What practical purposes do lawns serve?
  • Lawns prevent wind and water erosion.
  • Lawns moderate soil and air temperatures.
  • Lawns suppress growth of undesirable plants.
  • Lawns create buffers.
  • Lawns allow visibility.
  • Lawns provide resilient living surfaces for outdoor activities.
Grass does all of these so well.

When thinking about alternatives, you should consider which of these purposes you need to satisfy, then determine whether anything else will work so well for you as grass.

As with any landscape plan, you'll need to assess your circumstances and choose your plants accordingly.  Consider your maximum and minimum seasonal temperatures, exposure to sun or shade, available water, slope, soil characteristics.

Almost any low-growing plant will help to prevent erosion, moderate temperatures, suppress weeds, create buffers and allow for visibility.  But fewer accommodate foot traffic in outdoor living spaces as well as grass.  Even grass has its limits.

The following plants tolerate some foot traffic, especially if planted around flag stones or pavers, and are easy to step over.  Some are drought-tolerant.  The list is not exhaustive.  The descriptions are very brief.
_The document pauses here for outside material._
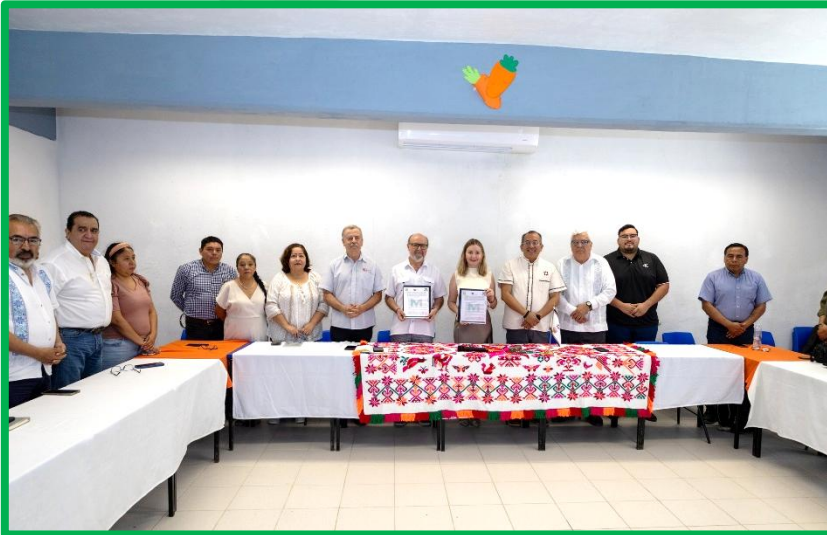
FIRMA DE UN CONVENIO DE COLABORACIÓN TRASCENDENTAL CON EL COLEGIO DE SAN LUIS A.C. (COLSAN)

Acaena inermis.  Also known as New Zealand Bur.  Best varieties are 'Purpurea' and 'Blue Haze'.  Evergreen foliage of 'Purpurea' turns red in full sun.  Foliage of 'Blue Haze is blue-gray color.  Creamy white flowers in early summer.  Full sun to partial shade in USDA climate zones 6-9.  Grows to 6" in height.  Drought tolerant.  Low tolerance for foot traffic.

Acinos alpinus.  Also known as Alpine Calamint or Alpine Catmint.  Pinkish purple flower from spring to fall.  Full sun to partial shade in USDA climate zones 5-10.  Height approx. 6".  Low tolerance for foot traffic.

Ajuga reptans.  Also known as Carpet Bugleweed.  Bronze to variegated foliage.  Blue flowers on short spikes in spring.  Full sun to full shade.  USDA climate zones 3-9.  Well-drained soil.  Drought-tolerant.  Best varieties include 'Burgundy Glow' (3" to 4"), 'Chocolate Chip' (2" to 4"), 'Gaiety'/'Bronze Improved' (3" to 4").  Medium tolerance for foot traffic.

Arenaria balearica.  Also known as Mossy Sandwort.  Evergreen foliage.  White blooms in spring.  Full sun to partial shade in USDA climate zones 4-11.  Grows to under 6" in height.  Medium tolerance for foot traffic.

Chrysogonum virginianum 'Pierre'.  Also known as Green and Gold.  Yellow flowers over green foliage.  Full sun to partial shade.  USDA climate zones 5-9.  Moist soil.  Grows 4" to 6" in height.  Low tolerance for foot traffic.


Cymbalaria aequitriloba.  Also known as Kenilworth Ivy.  Evergreen foliage.  White to purple flowers in spring to summer.  Light shade to full shade in USDA climate zones 7-10.  Drought tolerant.  Grows to 6".  Low tolerance for foot traffic.

Euonymus fortunei 'Kewensis'.  Glossy green foliage only 1/4" to 5/8".  Full sun to full shade.  Drought-tolerant.  USDA climte zones 4-9.  Grows to 3".  Medium tolerance for foot traffic.

Ficus pumila.  Also known as Creeping Fig.  Green or variegated foliage.  Can climb.  Drought-tolerant.  Full sun to partial shade in USDA climate zones 8b-10.  Grows from 1/2" to 1 1/2" in height.  Medium tolerance for foot traffic.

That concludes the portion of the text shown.